WORK REQUIRED | Write out, word for word, every line in the data below from the one containing "ПРИНУЖДАВАТ ДА СПРЕ." to the one containing "Dal gennaio 2025, gli", both of them included.

DATA SHOWN |
----

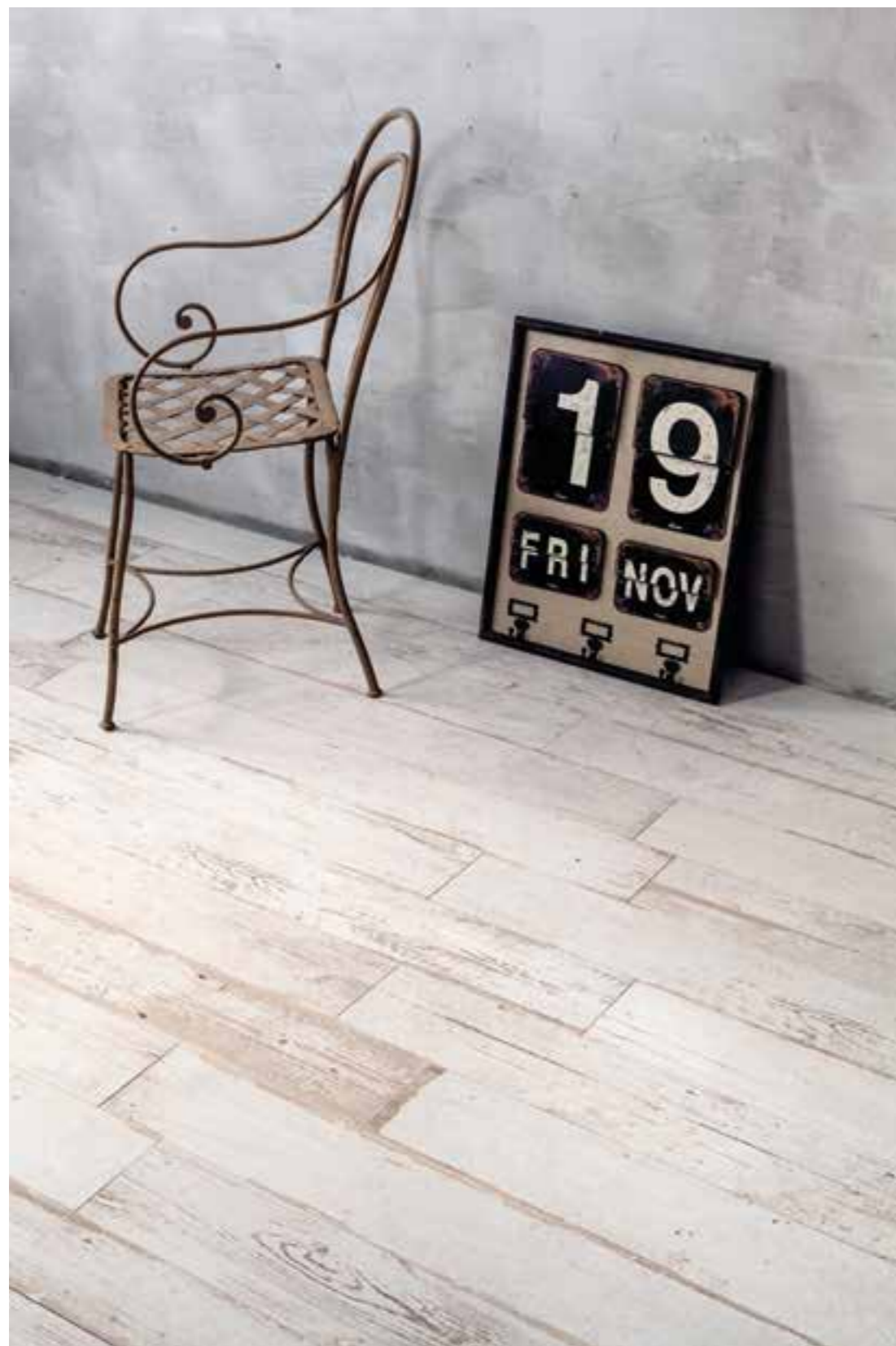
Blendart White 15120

----

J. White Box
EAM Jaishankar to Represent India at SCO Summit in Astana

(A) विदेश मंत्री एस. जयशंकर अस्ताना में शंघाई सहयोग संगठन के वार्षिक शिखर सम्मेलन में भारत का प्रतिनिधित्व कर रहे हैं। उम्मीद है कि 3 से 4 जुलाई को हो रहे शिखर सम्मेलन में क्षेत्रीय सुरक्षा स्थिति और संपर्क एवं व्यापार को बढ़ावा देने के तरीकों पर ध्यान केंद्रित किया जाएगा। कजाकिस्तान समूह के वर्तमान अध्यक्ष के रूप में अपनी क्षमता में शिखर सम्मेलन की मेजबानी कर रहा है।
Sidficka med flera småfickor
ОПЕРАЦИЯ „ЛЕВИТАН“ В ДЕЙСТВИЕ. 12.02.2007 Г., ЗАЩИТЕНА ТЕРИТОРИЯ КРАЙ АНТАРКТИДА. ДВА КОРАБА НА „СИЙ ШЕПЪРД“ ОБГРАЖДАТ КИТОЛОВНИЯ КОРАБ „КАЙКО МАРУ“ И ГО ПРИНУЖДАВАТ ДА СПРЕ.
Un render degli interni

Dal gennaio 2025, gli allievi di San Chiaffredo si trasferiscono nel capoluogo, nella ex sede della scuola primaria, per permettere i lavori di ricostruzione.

----

SOLUTION FOR THIS TASK |
ОПЕРАЦИЯ „ЛЕВИТАН“ В ДЕЙСТВИЕ. 12.02.2007 Г., ЗАЩИТЕНА ТЕРИТОРИЯ КРАЙ АНТАРКТИДА. ДВА КОРАБА НА „СИЙ ШЕПЪРД“ ОБГРАЖДАТ КИТОЛОВНИЯ КОРАБ „КАЙКО МАРУ“ И ГО ПРИНУЖДАВАТ ДА СПРЕ.
Un render degli interni

Dal gennaio 2025, gli allievi di San Chiaffredo si trasferiscono nel capoluogo, nella ex sede della scuola primaria, per permettere i lavori di ricostruzione.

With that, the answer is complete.